さらに、栄養士による栄養指導におきましては食べ物の消化に係る部分の手術の場合、術後は消化させる部分の状態が今までと変わるため食事にゆっくり時間をかける、消化のよい食べ物にする、1回の食事量を減らして食事回数を増やすなどの指導を行っております。
○鳥澤委員
ありがとうございました。
事前のスクリーニングによって患者にとっての受診の効率化を図っていけると思います。
説明資料2の7ページになりますけれども、イ今後、実施予定の支援・治療・ケアのうち高齢者に特化したスクリーニングをされると伺っておりますが、これまでの取組と大きく差異があるのか教えていただければと思います。

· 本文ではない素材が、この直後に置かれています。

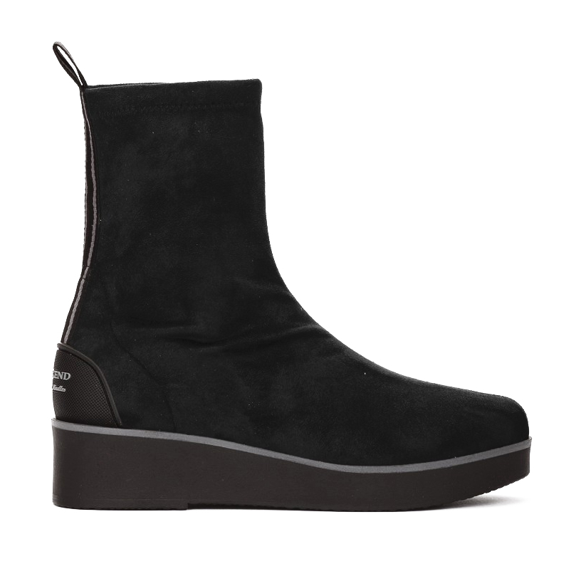 Botines de tejido elástico estilo neopreno de color negro. Apuesta por la comodidad en tus looks de diario con estos botines. Te encantará su tejido elástico, perfecto para una correcta sujeción que se adapta a la forma del pie y el tobillo, brindando comodidad y estilo en cualquier circunstancia.
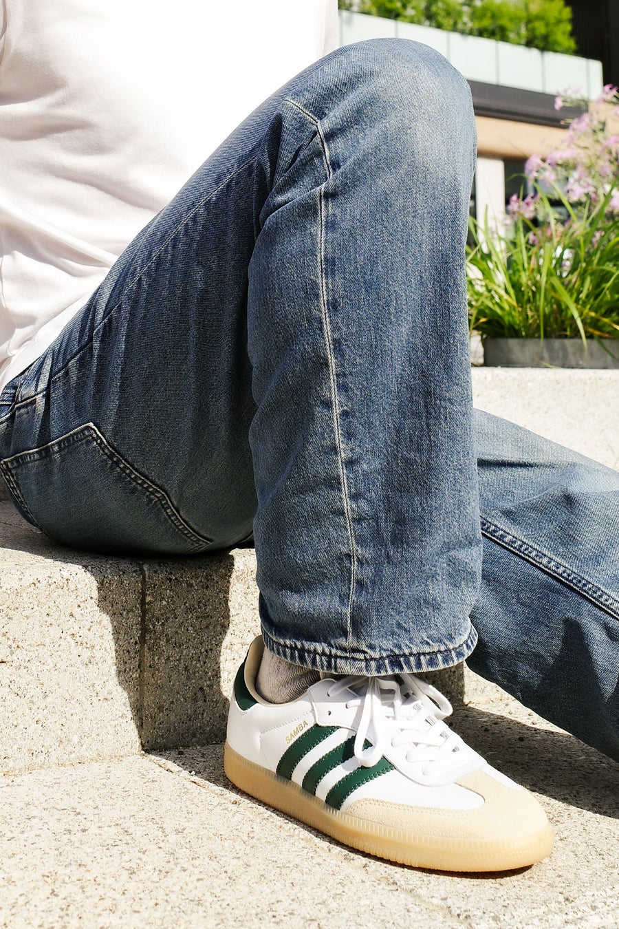 上質なホワイトレザーをベースに、深みのあるカレッジグリーンを採用したメンズモデル。ナチュラルカラーのガムソールとスエードオーバーレイがクラシックな雰囲気を演出。プレミアム感が漂う、ゴールドであしらわれた「SAMBA」の文字がアクセントに。全体的にフレッシュかつヴィンテージ感のあるシックな印象に。

また、以前に第18回日本臨床腫瘍学会学術集会のシンポジウムで、事前のスクリーニングが大切ですよと教えていただきました。高齢者の機能評価を事前にスクリーニングして点数化し、対処するべき医療体制、進捗状況を把握するのが効率的でよいとのお話も伺っているところですが、説明資料を見ますと新たなスクリーニング体制の構築とありますが、従前との大きな差異があるのか教えていただければと思います。
○鈴木がんセンター局マネジメントセンター長兼経営努力室長
高齢者は、複数の慢性疾患を持っていることが多く薬物の有害事象が起こりやすいこと、意思決定能力が低下していること、さらに高齢者向けの診療ガイドラインが確立していないこともあり、医療従事者にとっては対応が難しいものとなっております。
当センターでは、これまでも75歳以上で手術前の患者や70歳以上のハイリスクの患者に対して、治療前から多職種による患者サポートを実施してまいりましたけれども、新年度から実施を予定しております新たな高齢者スクリーニング体制につきましては、75歳以上の高齢のがん患者に対して一定の指標に基づいた評価を行い、その結果を治療の選択やその後のサポートに生かしていくものです。
これは、治療前や入院前等に看護師が8項目からなる高齢者機能評価に基づき、食事量、体重、自力歩行、精神状態等について評価するもので、これにより手術や薬物療法等の治療に耐えられる体力があるか等の治療方針決定に係る判断や、認知機能が低下した患者への意思決定支援体制の構築等に結びつけることが可能になると考えております。
○鳥澤委員
日本は2014年に障害者の権利条約を批准しております。その中で基本的なことがうたわれているところがあり、ぜひその点についてがんセンターとしても一人一人の患者に向き合っていってほしいと思います。嚥下能力であったり、食物についての栄養相談もされているとのことですので、よろず相談も含めて患者に寄り添った優しい社会であってほしいと願っております。